If you are only out to test this effect for "sex", you could do a manual comparison, where you esimate the full model, and compare that to the full model without "sex". As a sidenote, I also think that when you use regressionBF, you are not using your factor variable as a factor, but are converting it to a numeric (because else regressionBF would have given you an error, but lmBF would have been the appropriate function). The lmBF function also gives you a Bayes factor against the intercept only model. So you can take the quotient of the two BFs you obtain this way (full model, and full model w/o "sex") - this will be your Bayes factor for/against "sex" being a meaningful predictor on top of all other variables in the model.

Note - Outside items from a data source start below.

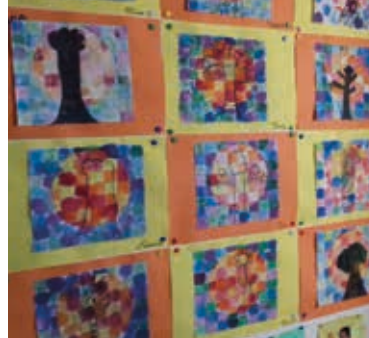
Des tableaux peints par les élèves de la classe CP1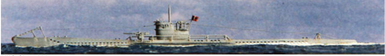
VIIC Class U-boat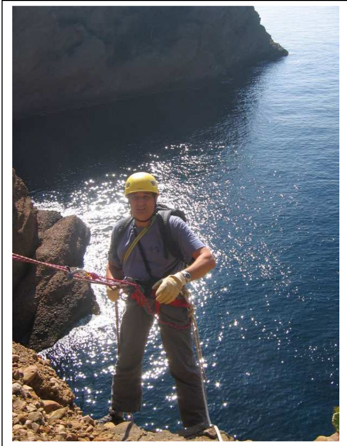
Le départ plein gaz de la cascade des Pirates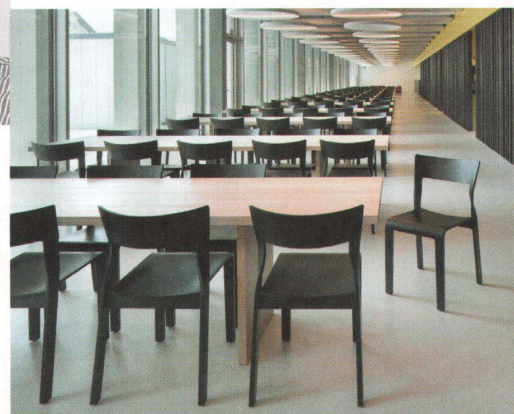
^ Stuhl «Torsio» von Hanspeter Steiger.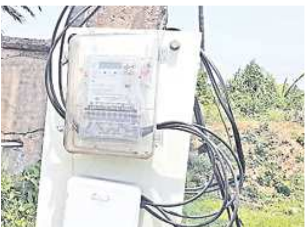
నిర్ణయానికి రావాలి' అని పీఈజీ నివేదికలో స్పష్టంచేసింది. మనుషులు రీడింగ్ తీయాలి వస్తే... జిల్లాలో మీటర్ల కంటిని చూడండి

జిల్లాలో మీటర్లకే సమాఖ్య సమస్యలు వ్యవసాయ పంపొందు మార్కెట్ ప్రాంతాల్లో ఉండటంతో శ్రీకాకుళం పైలట్ ప్రాజెక్టులో అనేక సమస్యలు వచ్చాయని పీఈజీ గుర్తించింది. ప్రకృతి శక్తుల నుంచి మీటర్లను కాపాడటం కష్టమవుతోందని తెలిసింది. జిల్లాలో మీటర్ల కంటే స్మార్ట్ మీటర్లు సన్నుతంగా ఉంటాయి కాబట్టి, మరిన్ని ఎక్కువ సమస్యలు వస్తాయని ఇంధనశాఖ ప్రత్యేక ప్రధాన కార్యదర్శి డి.పి.ఎం.లకు అప్రమత్తం చేశారు. రాష్ట్రంలో వ్యవసాయేతర విద్యుత్ మీటర్ల సమగ్రత 95% ఉండే, శ్రీకాకుళం జిల్లాలో అమర్చిన మీటర్ల సమగ్రత 55%.. అంతకంటే తక్కువగా నమోదైంది. ఏడాది కాలంలో మీటర్లు ఏవలమడం, కాలిపోవడం 12-21 శాతంగా నమోదైంది. 'శ్రీకాకుళం జిల్లాలో' సేకరించిన సమాచారం ఆధారంగా రాష్ట్రమంతా వ్యవసాయ మోటార్లకు మీటర్లు అమర్చడంపై నిర్ణయం తీసుకోవాలనుకుంటే మరొక కాలం ఆగాలి. శ్రీకాకుళంలో వ్యవస్థ గాడిన పడేవరకూ వేచి ఉండి, మరి కొన్నేళ్లు పరిశీలించాకే ఒక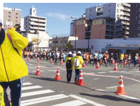
大阪マラソン応援ボランティアに参加した大阪学芸ボランティアサークルのみなさん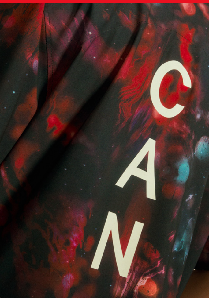
ZAK MADELL Rugby en fauteuil roulant Ambassadeur lululemon Okotoks AB

« Ce que je retiens le plus de ma participation au processus, c'est l'attention sincère portée à la recherche de solutions accessibles et adaptatives pour développer l'ensemble final. Je ne pouvais imaginer une meilleure façon de procéder. »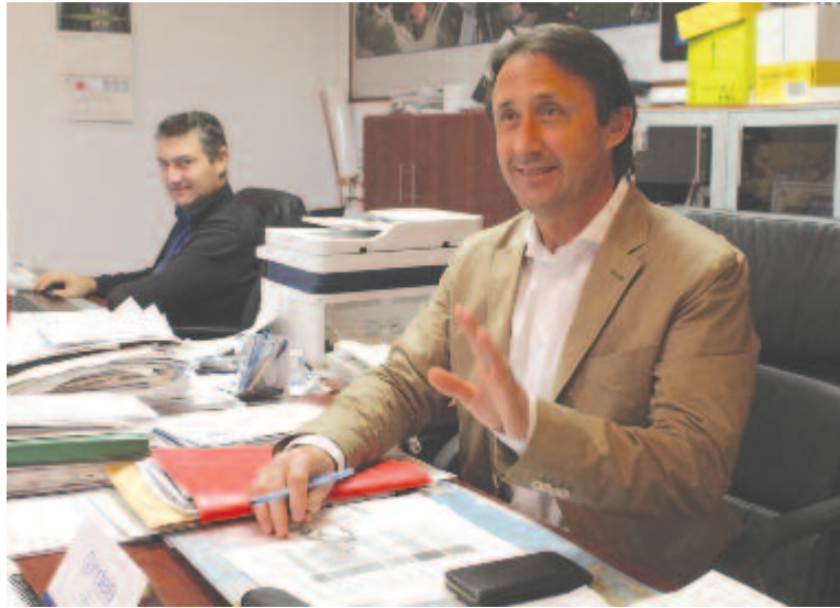
A polgármester és helyettese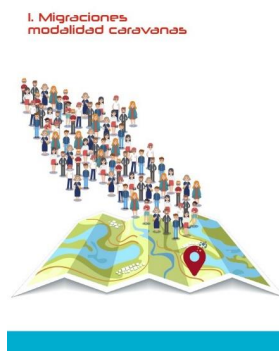
Creación Propia Región LAC Acciones Contrahegemónicas de Movilidad (S. XXI)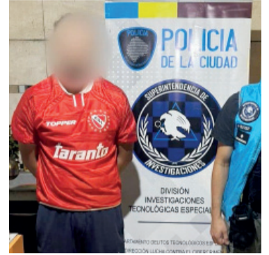
Detenido. El sospechoso es un hombre de 29 años.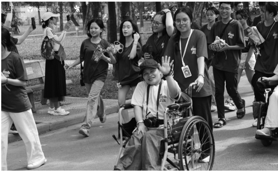
● Giải chạy marathon có tên "Ánh Dương" do Iron Run tổ chức đã chạm đến trái tim mọi người.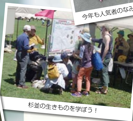
杉並の生きものを学ぼう！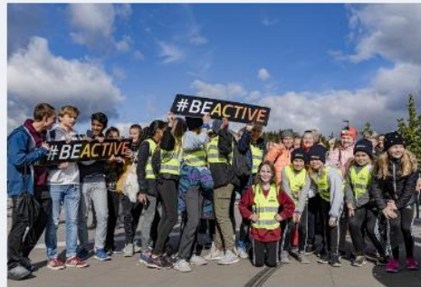
Erasmus+ liikunnalle ja urheilulle - Sport →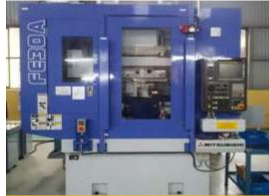
CÀ RĂNG CNC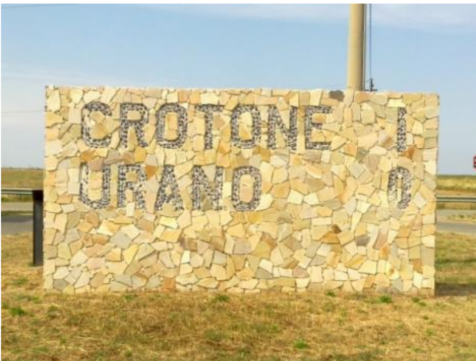
Crotone-Urano uno a zero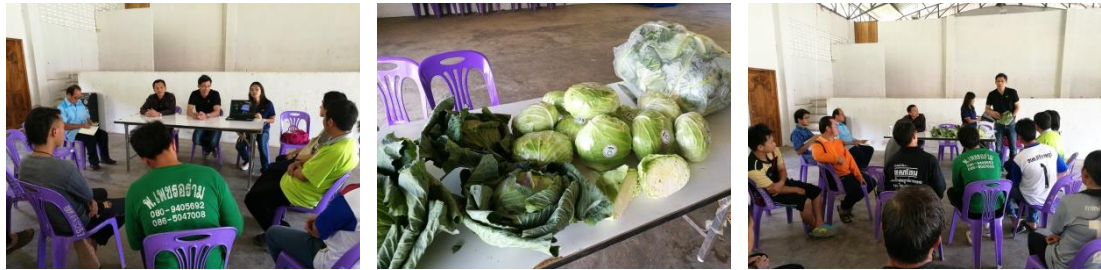
คำอธิบายภาพ...การประชุมเพื่อหารือ เสนอสินค้า ปรีกษาถึงความเป็นไปได้ของการซื้อขายระหว่างเกษตรกร และบริษัท ฟู้ดแพชชั่น จำกัด (บาร์บิคิว พลาซ่า)

ถ่ายทอดเทคโนโลยีการผลิตทางการเกษตรที่มีประสิทธิภาพ ส่งเสริม พัฒนา ให้บริการ และดูแลเกษตรกรในพื้นที่ให้เกิดผลสำเร็จอย่างเป็นรูปธรรม รวมทั้งบูรณาการและสร้างความเป็นเอกภาพในการดำเนินการ ศพก. ร่วมกันของหน่วยงานต่างๆ ที่เกี่ยวข้อง

I hope this clarifies things, if not please let me know =)

Johnny

• Hi Johnny,

I used lmBF twice:

Model 1: sex + 14 other covariates = BF = 9.445001e+53

Model 2: 14 other covariates = BF = 5.411868e+54

The quotient (model1/model2)=0.174523

The inverse quotient (model2/model1)=5.7298

Interpretation: The analysis above suggests that compared to all the other predictors in the model together (not the null model, right?), the data are about 5.73 times more likely to show no 'sex' differences (null finding).

Questions:

1) Does this interpretation make sense to you too?

2) And what if I wanted to compare to the 'null model' rather than the 'other predictors'? I'm not sure if i'm confusing the theory here.

Thank you,

Francesca

• Hi Francesca,

That's great to hear!

This is indeed where things are not very clear, because there are basically two approaches you can use here:

1) Compare the full model to the full model without sex (as we discussed above). This gives an indication of how well those two models perform, and since the only difference between them is "sex", if the latter model outperforms the former, you can see this as evidence that adding "sex" is not valuable.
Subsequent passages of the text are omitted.